For at least the last 10 years that I have lived in the area Giuseppe’s has simply had their name on the elegant black awnings.
But now the signage, although not huge by suburban standards, overpowers the facade of the building.
Giuseppe’s new owner Forest Miller also owns Royal Orleans in South County. In February 2004 Mr. Miller testified at a hearing before the St. Louis Board of Adjustment regarding a building a few blocks east of his restaurant known as the Virginia Mansion. He was speaking in support of giving the applicant a zoning variance to permit a 7-unit apartment building on a site zoned for single or two family buildings and located between two single family houses. He had this to say about the area:“The area in which these folks are asking you to give them a variance for is not in my judgment, a historic district. It is not Lafayette Square, it is not a Lindell Avenue, is is not Holly Hills.” 

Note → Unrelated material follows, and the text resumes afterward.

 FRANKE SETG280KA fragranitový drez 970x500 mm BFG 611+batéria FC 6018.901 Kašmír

Those of us at the hearing were stunned to hear a local business owner speak of our neighborhood in such a manner. True, we are not Lafayette Square, Lindell or Holly Hills. But we certainly are not Mr. Miller’s very suburban Crestwood. Dutchtown is in the process of achieving designation as a local historic district. When someone doesn’t view an area as historic and lives in the ‘burbs what might they do to properties they own in the city? In the same hearing he had this to say about proposed plans for Giuseppe’s”

“When we were remodeling the front of our business, we had a grandiose plan that was totally different from the structure of the building. It had gables on it, it had direct lines, I was going to put arches in it and the building people in the city said, ‘We don’t want to do that to the storefronts, we want storefronts to look like storefronts, here’s what you can do, here’s what you can’t do.’ You know what, they were right.”

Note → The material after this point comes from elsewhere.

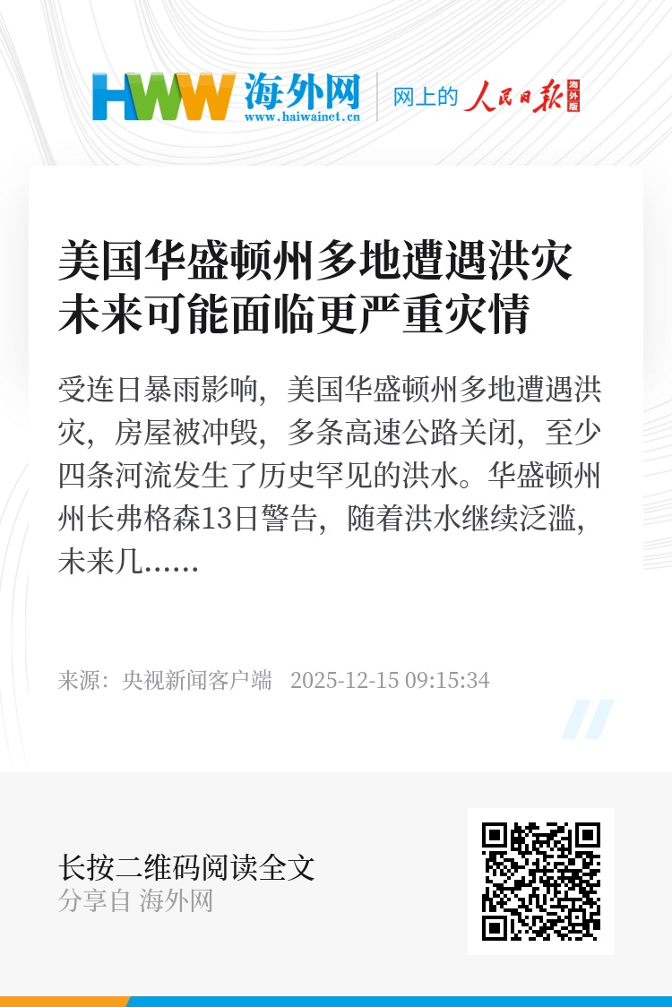 华盛顿州州长弗格森13日警告,随着洪水继续泛滥,未来几周乃至几个月,华盛顿州将面临更严重的灾情。目前,华盛顿州已进入紧急状态。

I don’t have access to any drawings to show you how they proposed to alter this great building but thankfully the city stepped in and said no. The best I can do is suggest you take a look at the other restaurant, Royal Orleans, to see what they have their. I was going to drive the nearly 6 miles from my house to get a picture but then I figured it wasn’t worth the time and gas. Besides, their web site has a great picture of Royal Orleans - click here to see. Pretty huh? You almost thought it was in the French Quarter didn’t you?

One sign isn’t that big a deal in the big scheme of things. But, over time it adds up. The suburbs are pretty much an aesthetic wasteland. We don’t need folks bringing that kind of ugliness to our city.